### [EXERCISE GOAL]
Retype exactly the lines below, starting with the line that contains "Baionnette troupe de" and ending with the last line; leave out any pictures.
** RECORDS PROVIDED follows **
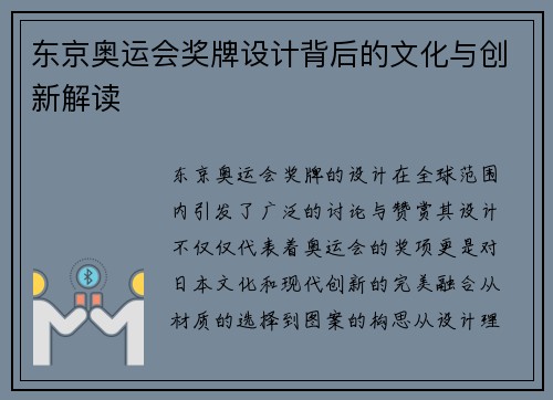 东京奥运会奖牌的设计在全球范围内引发了广泛的讨论与赞赏。其设计不仅仅代表着奥运会的奖项,更是对日本文化和现代创新的完美融合。从材质的选择到图案的构思,从设计理念到环保考虑,东京奥运会奖牌设计展现了日本...
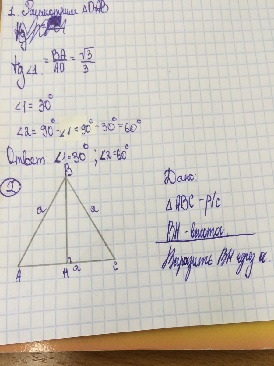 ВН=√(АВ^2-AH^2)= √(a^2- (a/2)^2)= √(a^2- a^2/4)= √(3 a^2)/4=a * √ 3 / 2
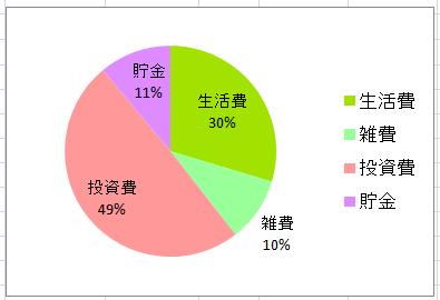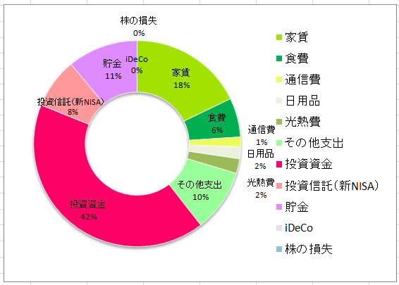 今月は収入の11%を貯金に、49.5%を投資資金に振り分けることができました。
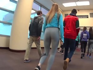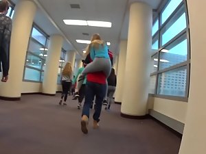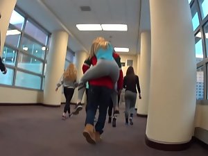 Silly schoolgirl is running through the school corridor and jumping on boys from her class to get a piggyback ride. That also means her tight ass in gray spandex becomes fully exposed when she straddles them. I bet that in college she'll be jumping on hard dicks with the exact same passion.
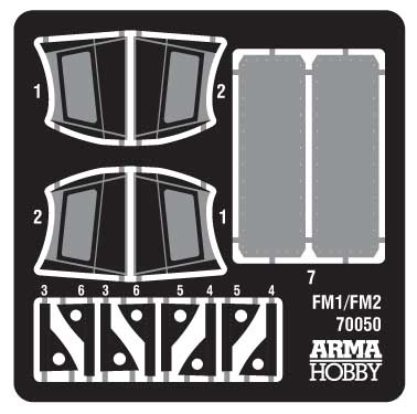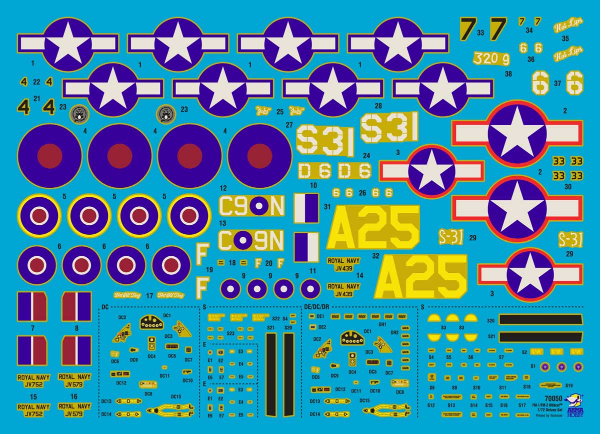 Double combo. Set includes two different versions of Wildcat, with photoetched parts and masks for each of them. Extra photoetched parts for FM-1 conversion. Two carrier flight deck sections from plywood.
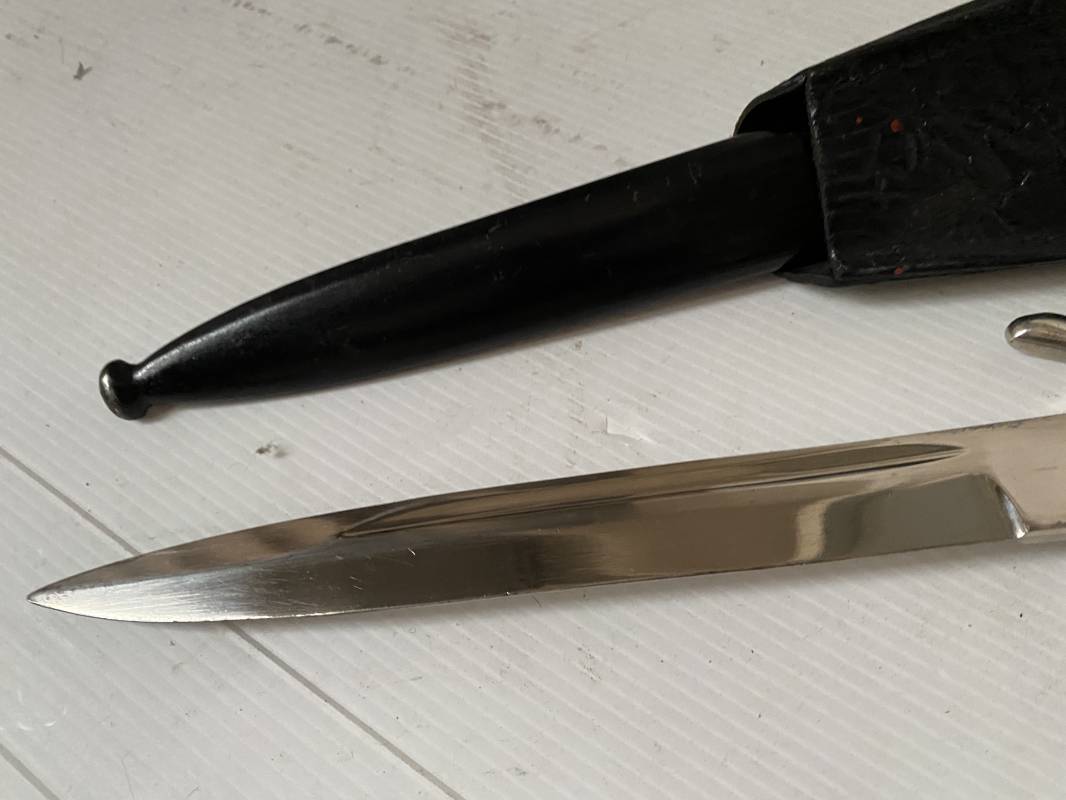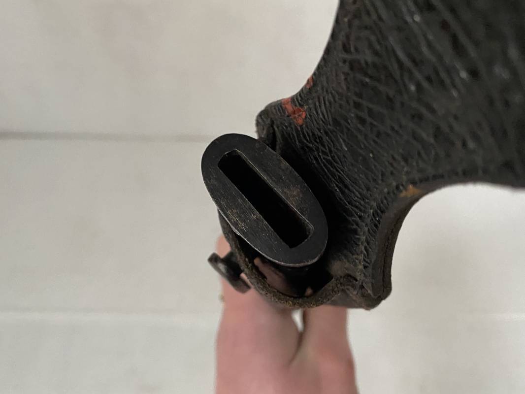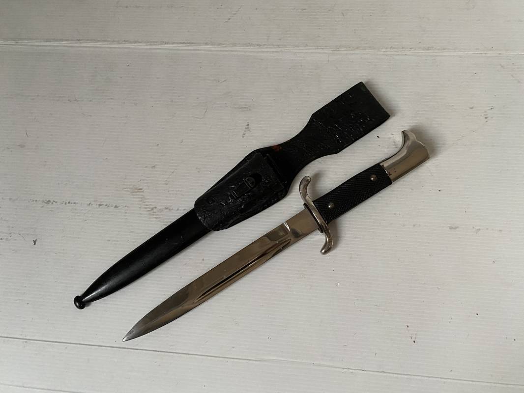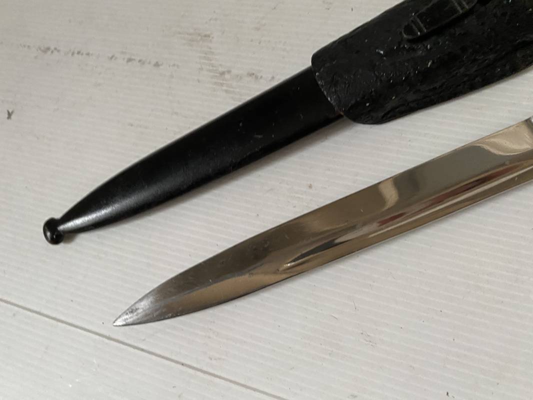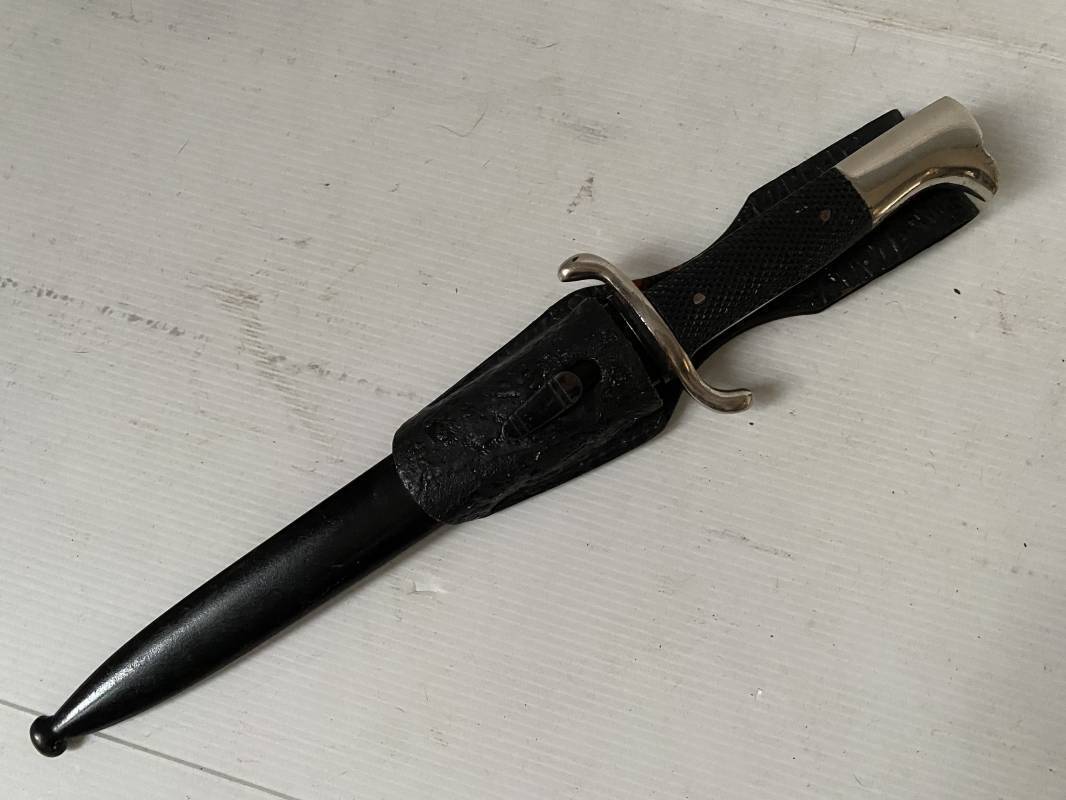 Baionnette troupe de la Feuerschutz Polizei avec son gousset en cuir vernis noir. Baionnette avec plaquettes en plastique noir quadrillé. Pommeau en forme de tête d'aigle. Garde en S. Très belle lame acier. Fourreau en métal peint en noir d'origine. Pontet métallique de fixation. Gousset en cuir vernis noir. Passant de ceinturon. Bel ensemble homogène. Légèrement portée en parfait état 1935/45. Ref 15167
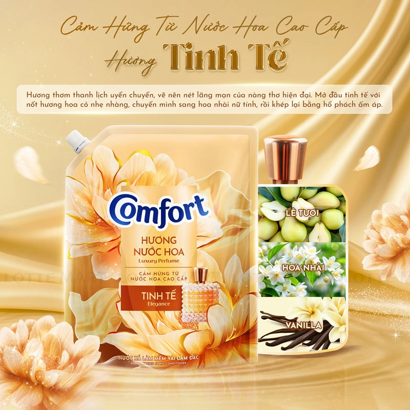 - Nước Xả Vải Comfort Hương Nước Hoa Thiên Nhiên Tinh Tế với công thức Chăm Sóc Chuyên Sâu Ultra Care thấm sâu vào từng sợi vải, giúp bảo vệ độ bền và giữ áo quần luôn tươi màu.
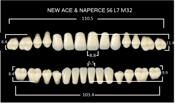 Зубы акриловые двухслойные, полный гарнитур, 28шт. Gloria цвет. A2, Фронтальные-S6, боковые-М32
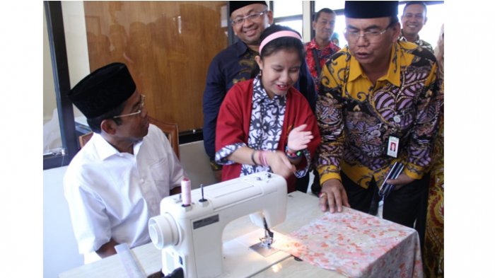 Dalam kunjungan ini, selain meninjau beragam fasilitas dan layanan, Mensos juga menjajal keterampilan menjahit bersama penyandang disabilitas intelektual.
** End of RECORDS PROVIDED **
### [REPLY]
 Baionnette troupe de la Feuerschutz Polizei avec son gousset en cuir vernis noir. Baionnette avec plaquettes en plastique noir quadrillé. Pommeau en forme de tête d'aigle. Garde en S. Très belle lame acier. Fourreau en métal peint en noir d'origine. Pontet métallique de fixation. Gousset en cuir vernis noir. Passant de ceinturon. Bel ensemble homogène. Légèrement portée en parfait état 1935/45. Ref 15167
 - Nước Xả Vải Comfort Hương Nước Hoa Thiên Nhiên Tinh Tế với công thức Chăm Sóc Chuyên Sâu Ultra Care thấm sâu vào từng sợi vải, giúp bảo vệ độ bền và giữ áo quần luôn tươi màu.
 Зубы акриловые двухслойные, полный гарнитур, 28шт. Gloria цвет. A2, Фронтальные-S6, боковые-М32
 Dalam kunjungan ini, selain meninjau beragam fasilitas dan layanan, Mensos juga menjajal keterampilan menjahit bersama penyandang disabilitas intelektual.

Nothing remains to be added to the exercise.